Some days I feel like the world has made great leaps in breaking "female" taboos. BodyForm has released an ad with blood in it instead of the strange blue fluid we've all grown used to, women talk more openly about their periods, about reproductive issues, and the stigma behind getting a sexual health check seems to be reducing.

But today, I spoke to an eighteen year old girl who didn't know what a uterus was. I told her that she peed from a hole called her "urethra", not her anus as she believed. I explained what the morning-after pill was, because she had never heard of it. I told her about uterine lining, because she didn't know what a period was. I talked about barrier methods of contraception and how only condoms can prevent STIs. I assured her that masturbation didn't cause infertility, as others had told her it did. I challenged her deduction that it was more acceptable for men to cheat than women, because "it's just what they do." I reassured her that having sex won't "make her vagina huge."

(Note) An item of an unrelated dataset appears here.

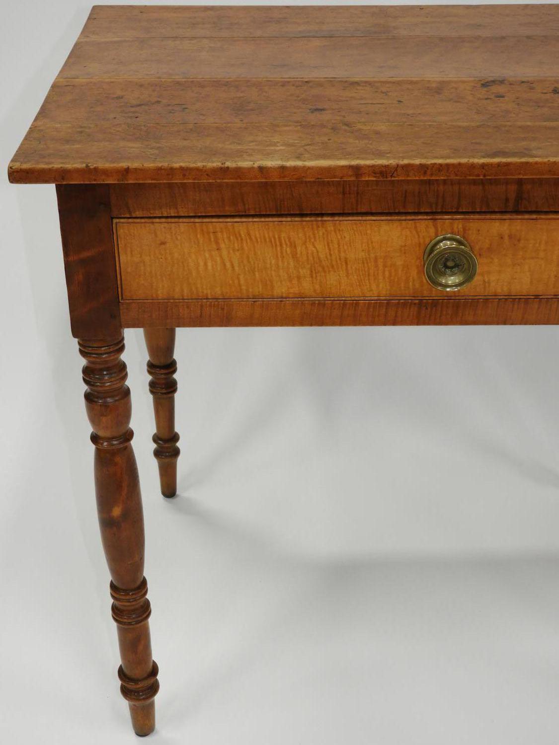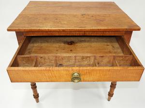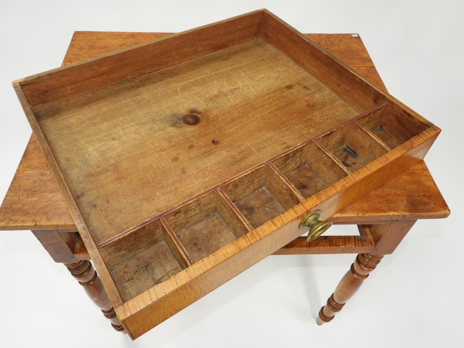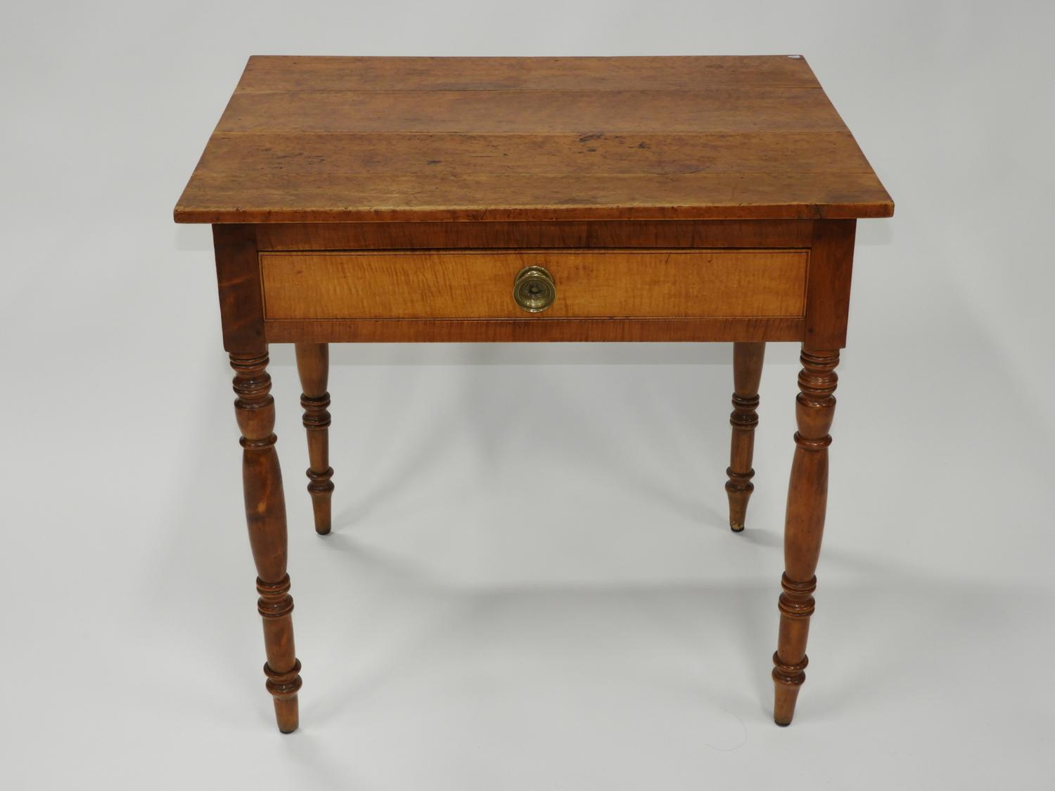 birds eye maple single drawer work table with turned legs, canadian, 19th century, 29 1/2" x 30 1/2" x 23 3/4"

We had a wonderful chat. I showed her pictures of normal anatomy, talked about body hair, booked a sexual health clinic appointment for later this week, chatted about the word "slut" and why I don't like to use it. We talked about birth, and looked at pictures from my Instagram feed of babies crowning — because if a vagina can expel a fetal skull and go back to its normal size, I said, men would be flattering themselves to think that their penis is going to have a great deal of impact...

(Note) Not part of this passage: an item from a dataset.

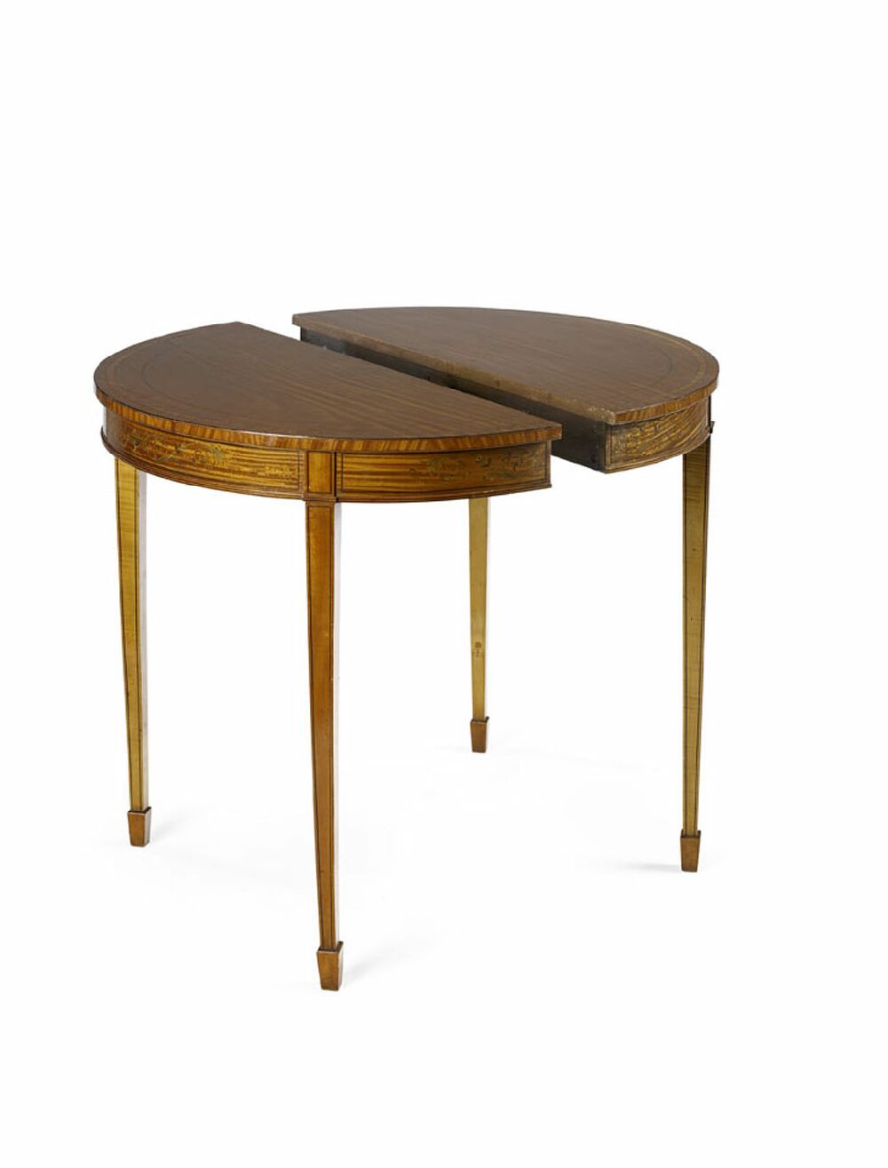 A pair of Edwardian satinwood demi lune pier tables

I'm so glad we had the opportunity to discuss all this, but I'm absolutely furious about how the education system has failed this young woman, and no doubt so many women like her who have grown into adulthood without a basic understanding of their anatomy, or of how to avoid sexually transmitted infection and unwanted pregnancy. I'm also furious with the culture that taught her that cheating is just what men do, and that it's shameful for women to have high sex drives.

This morning I received training on FGM, as is mandatory for all healthcare professionals, and my heart broke for the hundredth time over it. I'm so angry that women's health is put second (or third or fourth or fifth) to men's pleasure. I'm angry that women feel the need to have labiaplasty and other vaginal "rejuvenation" because our screwed-up culture has told so many lies about female genitalia.

Ladies and fellow vagina-owners of all descriptions, I hope and pray that you love your vulva. I hope you know how incredibly wonderful your reproductive organs are, how unique they are in comparison to any other organ in the human body. I hope you know them and learn about them, I hope you fully appreciate how awesome your body is, and I beg you to share that knowledge. The taboo isn't broken yet, and as a result we're still so vulnerable to the lies about womanhood that we hear. Let's shout back louder with our message of self-awareness, self-acceptance and self-love.